ACTION ITEM: Exactly reproduce the lines from the line bearing "秋叶环绕侧颜,温柔凝望远方" through the end of the listing, inclusive of both; pictures are to be omitted.

EXERCISE DATA:

++++++++++

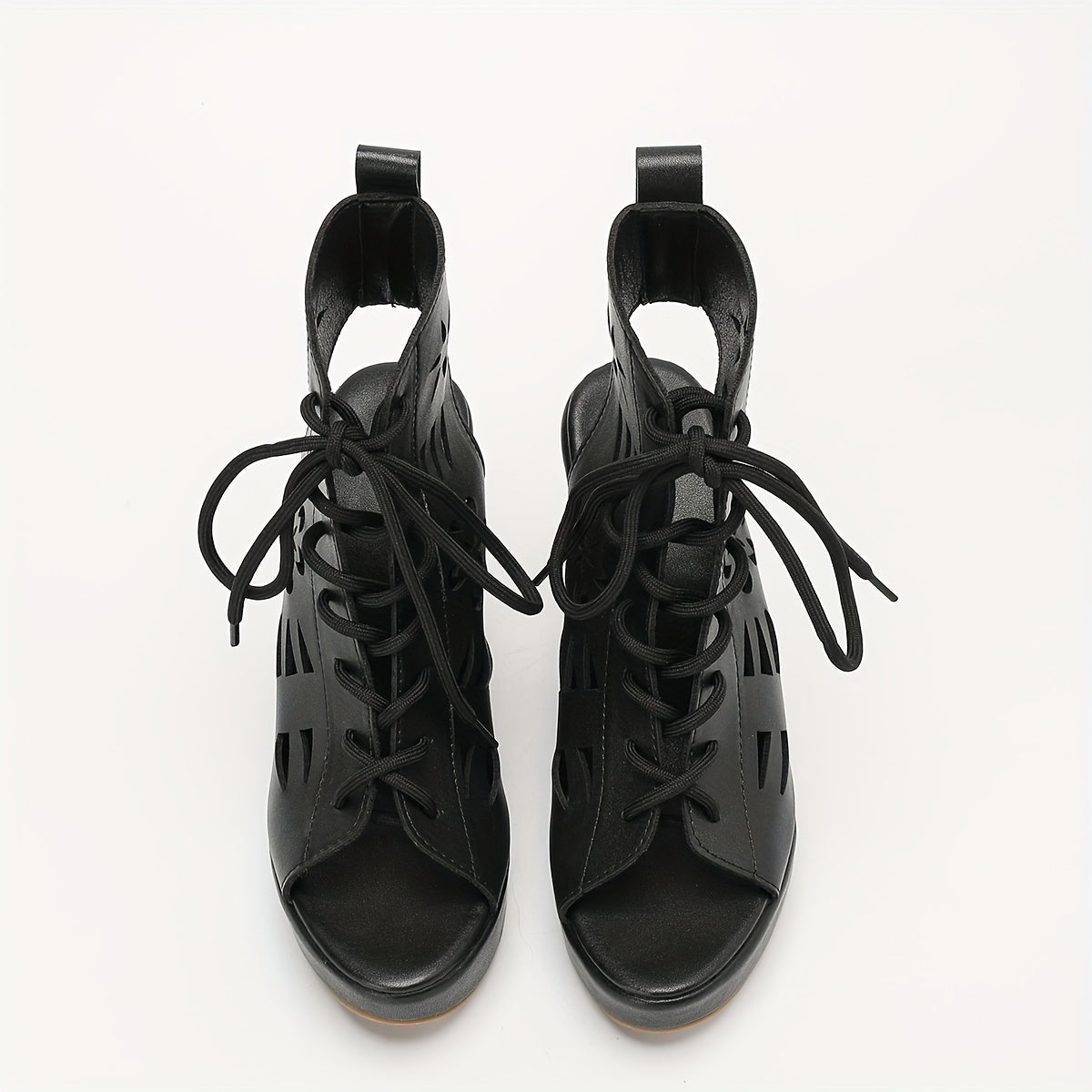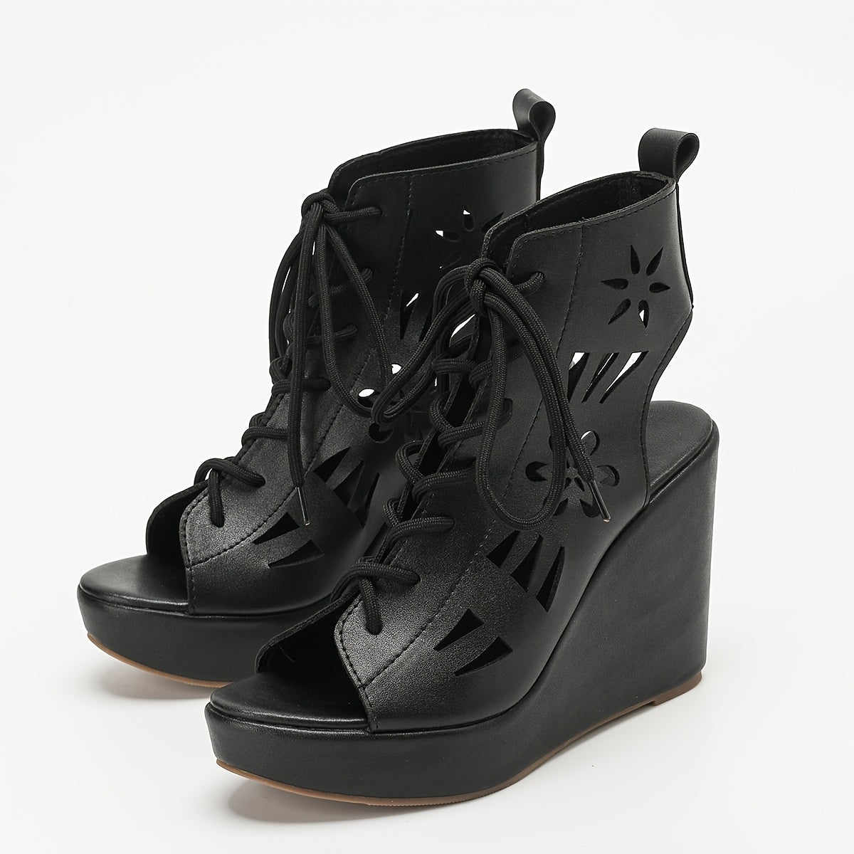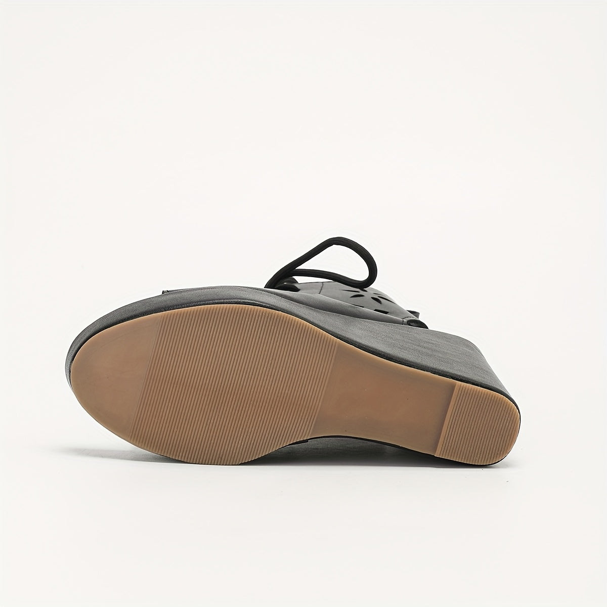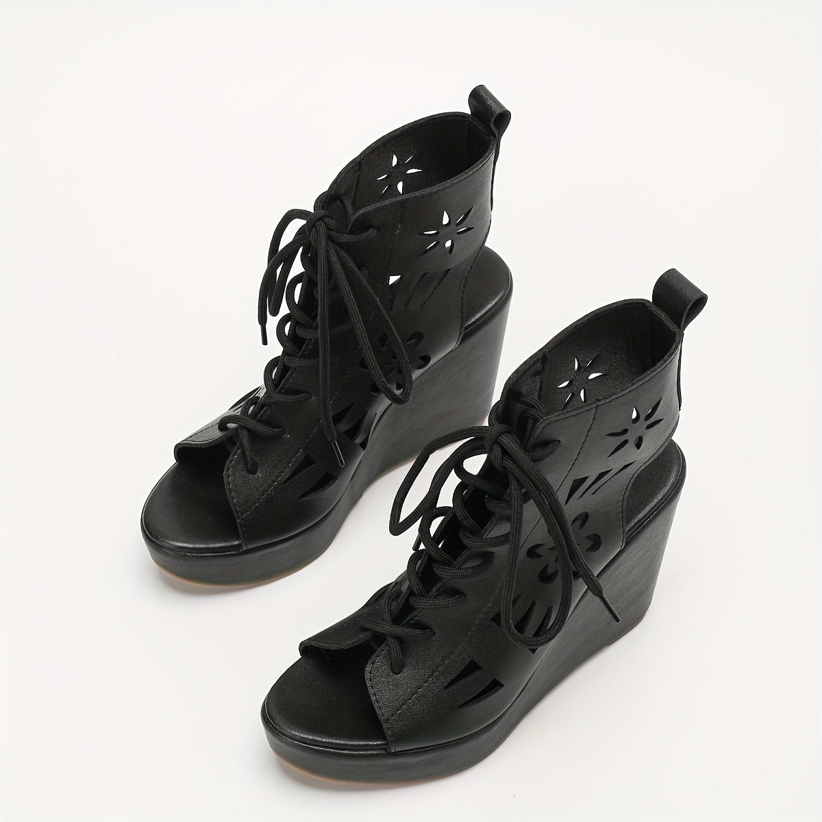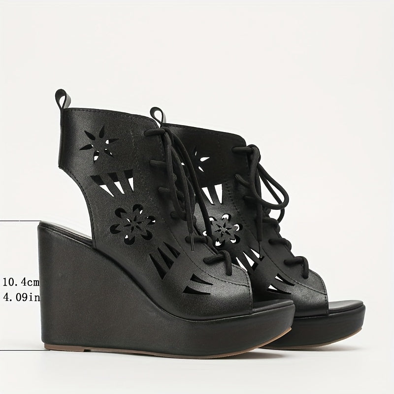 [Stylish Wedge Sandals] High Heel Women's Black Floral Wedge Sandals | Open Toe, Cut-Out Lace-Up, Faux Cover Summer Shoes for Casual & Stylish Outfits
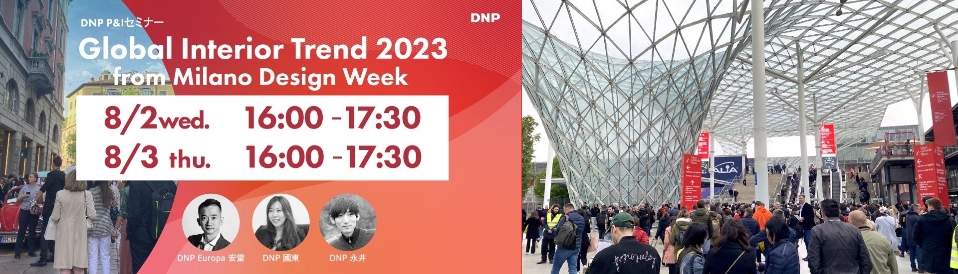 DNPは20年以上にわたり、世界最大級のインテリア・デザインイベント「ミラノデザインウィーク」を調査しています。今回のセミナーでは、この調査の中で100社を超えるインテリアブランドに行った取材に基づき、DNP独自の視点で分析したトレンドや、インテリア・コーディネートにおける素材・カラーのポイントなどを紹介します。また、今年5月にロンドンで開催された「Clerkenwell Design Week 2023」など、ミラノデザインウィーク以外の海外展示会についての速報も紹介する予定です。
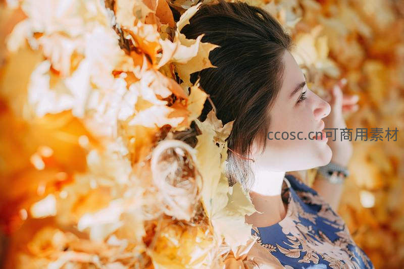 秋叶环绕侧颜,温柔凝望远方
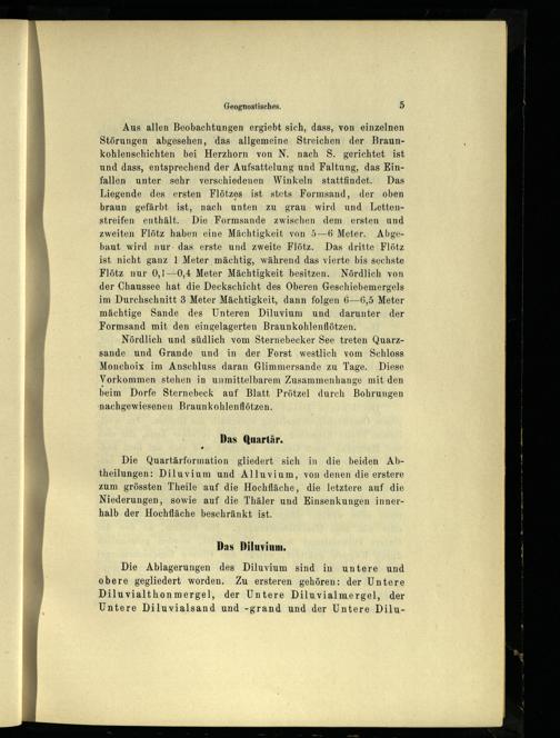 Nördlich und südlich vom Sternebecker See treten Quarzsande und Grande und in der Forst westlich vom Schloss Monchoix im Anschluss daran Glimmersande zu Tage. Diese Vorkommen stehen in unmittelbarem Zusammenhänge mit den beim Dorfe Sternebeck auf Blatt Prötzel durch Bohrungen nachgewiesenen Braunkohlenflötzen.

++++++++++

EXPECTED OUTPUT:
 秋叶环绕侧颜,温柔凝望远方
 Nördlich und südlich vom Sternebecker See treten Quarzsande und Grande und in der Forst westlich vom Schloss Monchoix im Anschluss daran Glimmersande zu Tage. Diese Vorkommen stehen in unmittelbarem Zusammenhänge mit den beim Dorfe Sternebeck auf Blatt Prötzel durch Bohrungen nachgewiesenen Braunkohlenflötzen.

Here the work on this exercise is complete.